The masked multi-head attention mechanism achieves this by applying a mask to the attention scores in the self-attention computation. This mask is an upper triangular matrix with zeros on and below the diagonal and negative infinity (or a very large negative number) above the diagonal. When this mask is added to the attention scores, it effectively forces the softmax function to output zero probabilities for the future tokens. As a result, the model can only attend to the current and previous tokens during the generation process, ensuring that it does not use any information from the future tokens.

In summary, masked multi-head attention is a technique used in autoregressive tasks to ensure that the model only attends to the current and previous tokens in the input sequence during the generation process, preventing it from using information from future tokens.

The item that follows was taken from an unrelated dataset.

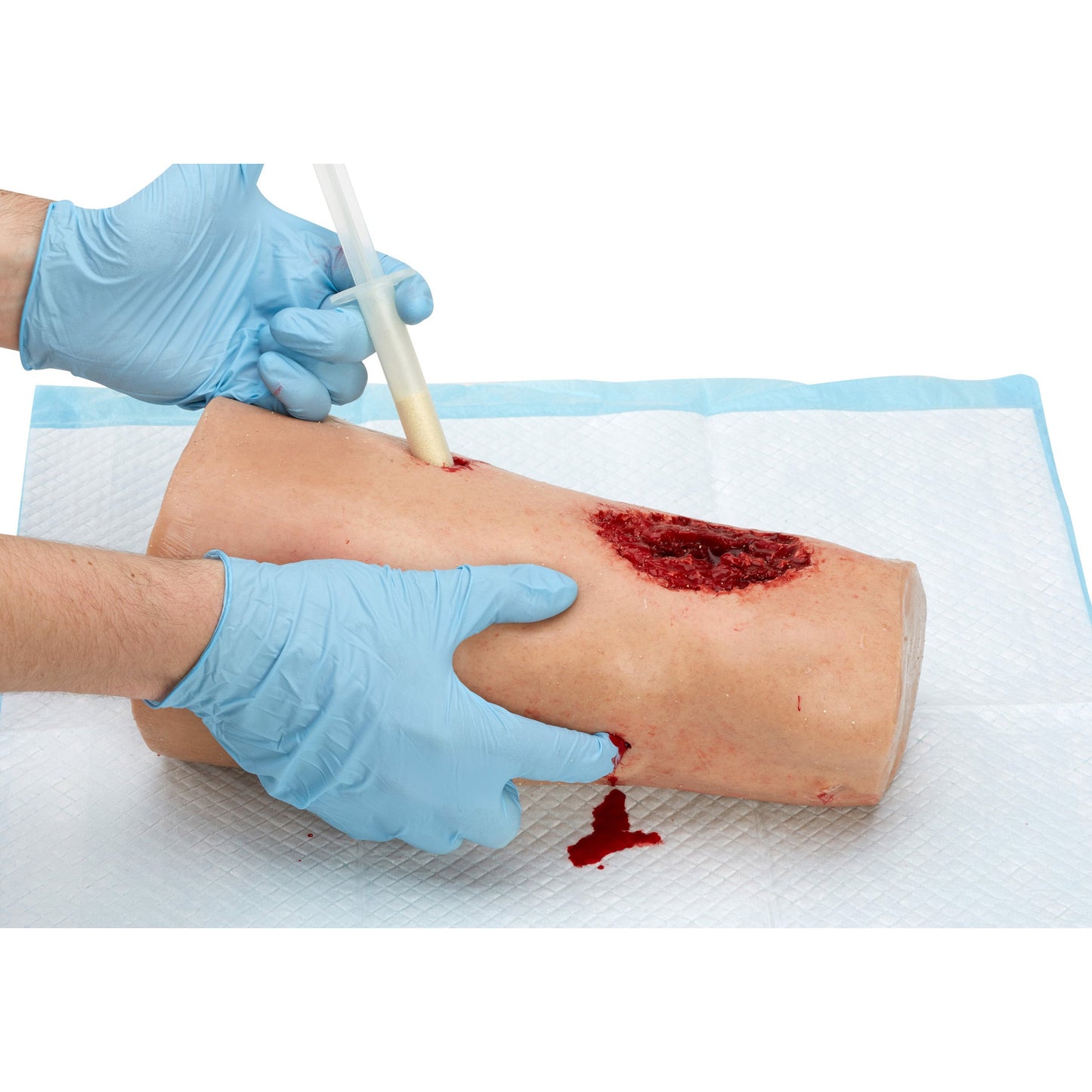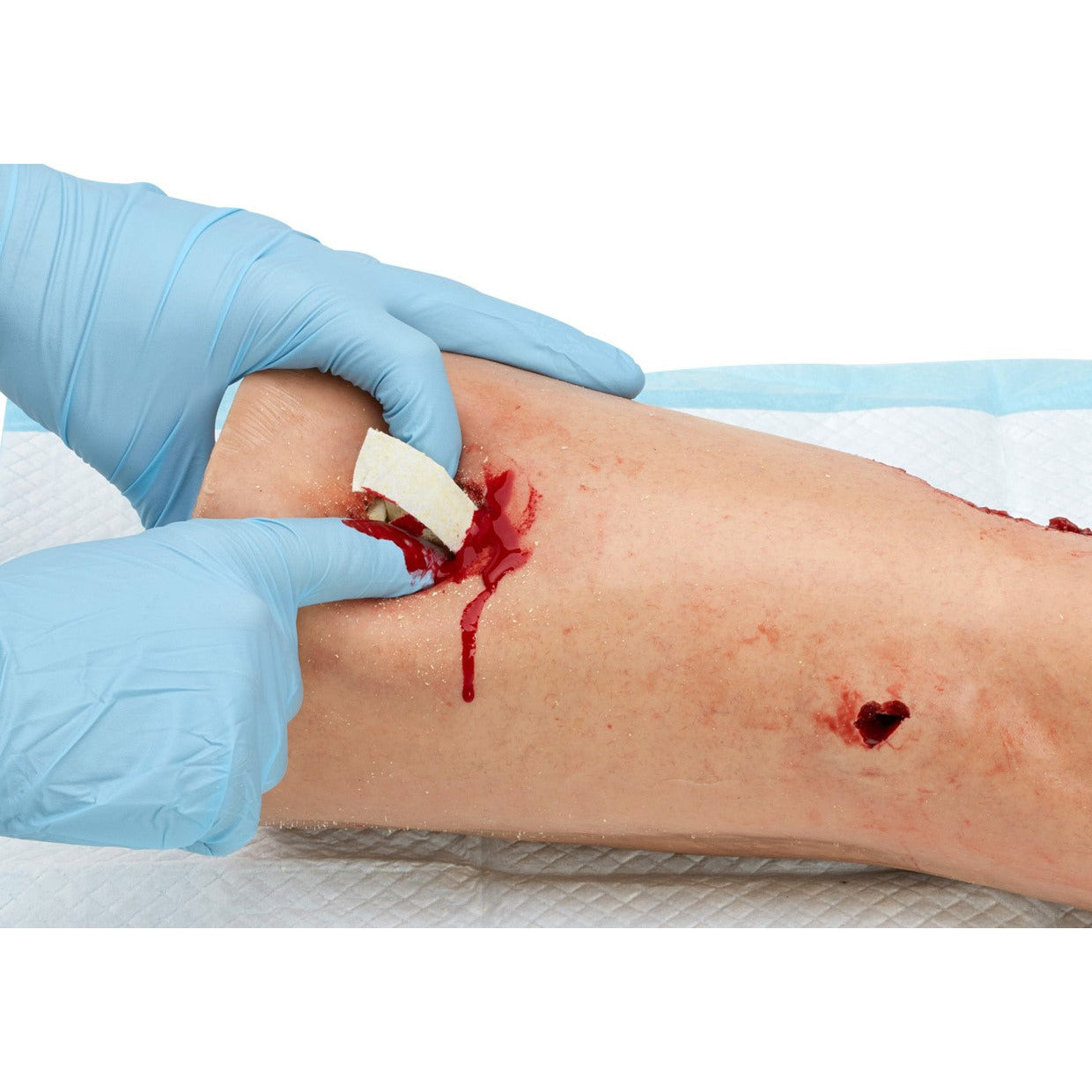 - Open surface wound for Celox Granules and Gauze packing - Blood can be poured into the wound prior to packing to simulate bleeding
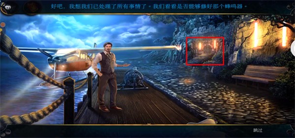 1.首先获得下图红框中的浮标和绳索,然后使用绿框中飞机上的绳索,点击飞机门,放大,进入并获得公文包。

# Scaled Dot Product Attention
Scaled dot-product attention is a mechanism used in self-attention models, such as the Transformer architecture, to compute the attention weights and context vectors for a given input sequence. It helps the model to learn which input elements are more relevant to others when processing a sequence.

Here's a step-by-step description of the scaled dot-product attention mechanism:

- **Linear Projections:** The input sequence is first projected into three different representations: Query (Q), Key (K), and Value (V). These projections are obtained by applying linear transformations (i.e., multiplying by weight matrices) to the input embeddings.

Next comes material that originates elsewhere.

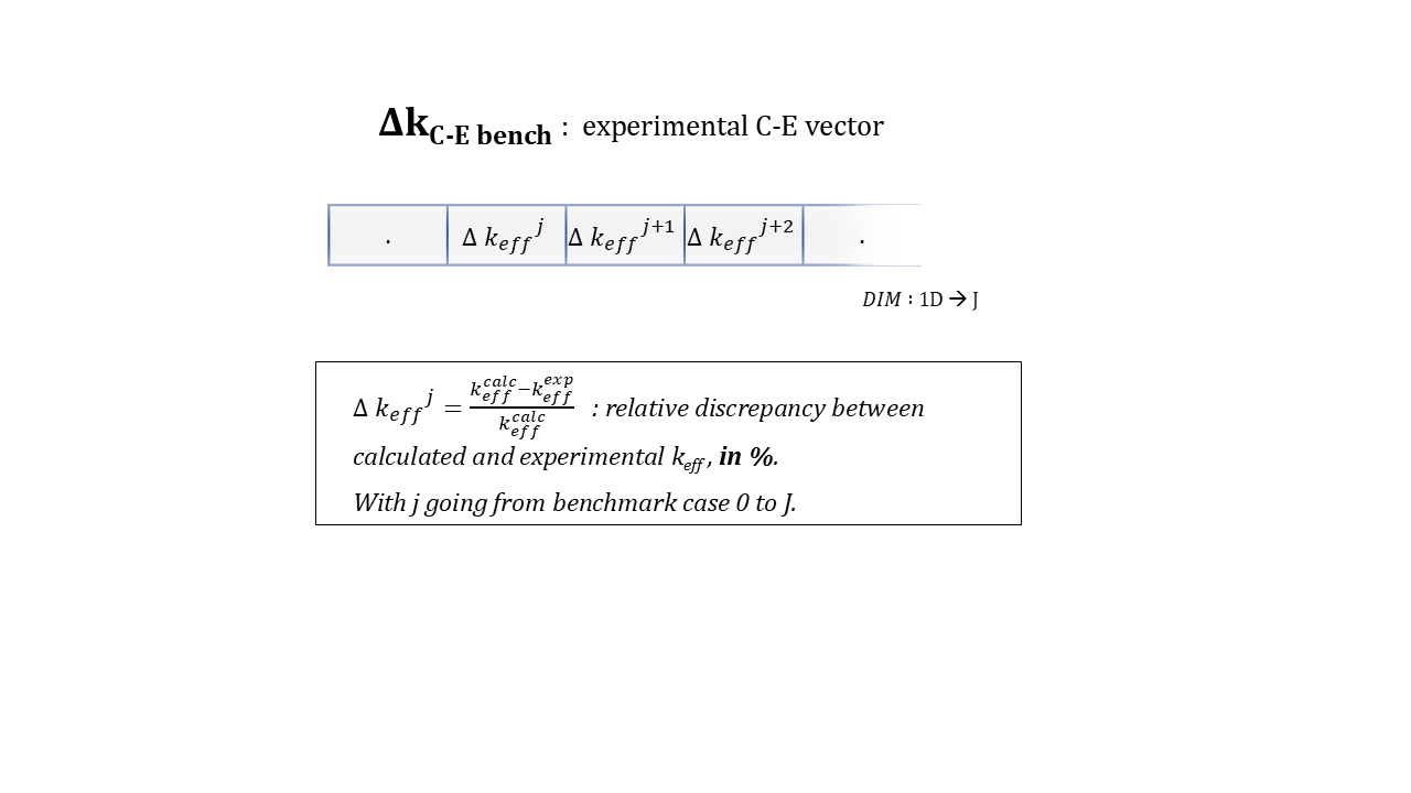 - a "C-E benchmarks vector" \(\Delta k_{C-E \text{ bench}}\) containing the relative response differences ((C-E)/C) of selected benchmarks;

- **Dot Product:** The dot product is computed between the Query (Q) and the Key (K) matrices. This operation measures the similarity between each pair of elements in the input sequence. The higher the dot product, the more similar the elements are.

- **Scaling:** To prevent the dot product from growing too large, which could result in vanishing gradients during training, the dot product is scaled down by dividing by the square root of the dimension of the Key (K) vectors (usually represented as dk). This scaling helps maintain the stability of gradients during training.

- **Masking (optional):** If needed, a mask is applied to the scaled dot product matrix. In the case of the Transformer model, a mask is used to prevent the attention mechanism from attending to "future" positions in the input sequence.

- **Softmax:** The softmax function is applied to the masked (if used) and scaled dot product matrix, normalizing the values along each row. The resulting matrix represents the attention weights, where each element indicates the importance of the corresponding input element for the current element being processed.

- **Context Vector:** Finally, the attention weights matrix is multiplied by the Value (V) matrix. This operation computes a weighted sum of the input elements, effectively aggregating the information from the entire sequence according to the attention weights. The resulting matrix represents the context vectors, which contain the relevant information from the input sequence for each position.

In summary, scaled dot-product attention allows a model to learn the relationships between elements in an input sequence by computing attention weights based on the similarity of Query and Key representations and using these weights to aggregate the Value representations into context vectors.